Key Conclusions and Perspectives

• The MCR-1 to MCR-10 gene family has spread globally, with particularly high resistance rates observed in China, India, parts of South America, and Africa.
• Modification of lipopolysaccharide structures (e.g., addition of L-Ara4N and pEtN), mediated by chromosome-encoded PmrAB and PhoPQ systems or plasmid-borne MCR genes, represents the primary mechanism of colistin resistance.
• Colistin resistance leads to clinical treatment failure, prolonged hospital stays, and increased mortality, particularly in infections caused by K. pneumoniae and A. baumannii.
• Current resistance detection methods (e.g., MIC testing, PCR, WGS) face challenges such as high cost, low sensitivity, and complex operation in resource-limited areas.
• Whole-genome sequencing (WGS) and bioinformatics analysis play a significant role in uncovering resistance gene variations and novel resistance mechanisms, but are not yet widely implemented in routine clinical diagnostics.
• Combination therapies involving colistin (e.g., with carbapenems, rifampin, or tigecycline) have shown improved clinical cure rates and microbial clearance in some studies, though further clinical validation is required.
• New therapeutic approaches based on CRISPR gene editing, phage therapy, and nanotechnology are being explored to enhance the clinical efficacy of colistin and reduce resistance transmission.

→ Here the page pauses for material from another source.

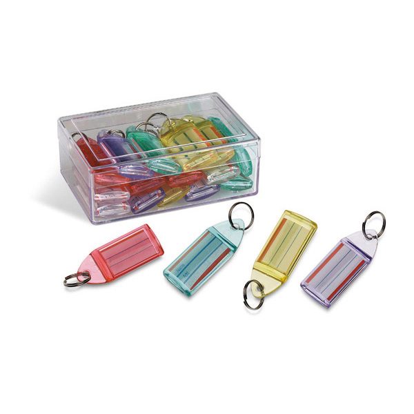 Scatola in plastica trasparente con 15 targhette portachiavi in plastica con anello in metallo. Colori assortiti trasparenti per una facile identificazione da ambo i lati. – P-3

Research Significance and Prospects
This review highlights the urgency of colistin resistance on a global scale and emphasizes the need to strengthen resistance monitoring, optimize antimicrobial stewardship, develop novel rapid diagnostic tools, and explore alternative therapies. Future research should focus on molecular dissection of resistance mechanisms, development of rapid resistance detection methods, and strategies for reversing resistance using synthetic biology and gene editing technologies. Implementation of the global One Health strategy will help integrate human, animal, and environmental resistance data, providing systematic solutions for colistin resistance prevention and control.

 

 

Conclusion
The rapid spread of colistin resistance has become a significant threat to global public health, particularly in the treatment of multidrug-resistant bacterial infections. This article systematically analyzes resistance mechanisms, clinical impacts, and global resistance distribution, highlighting that horizontal transmission of the MCR gene family and chromosomal mutations lead to treatment failure and increased mortality. Future research should integrate genomics, synthetic biology, and CRISPR platforms to develop more efficient diagnostic and therapeutic strategies. Additionally, improvements in global antimicrobial stewardship policies, resistance monitoring systems, and collaboration among clinical, research, and industrial sectors will be crucial for delaying resistance spread and preserving the clinical efficacy of colistin.

 

Shreya Singh, Rajesh Kumar Sahoo, and Mahesh Chandra Sahu. Understanding Recent Developments in Colistin Resistance: Mechanisms, Clinical Implications, and Future Perspectives. Antibiotics.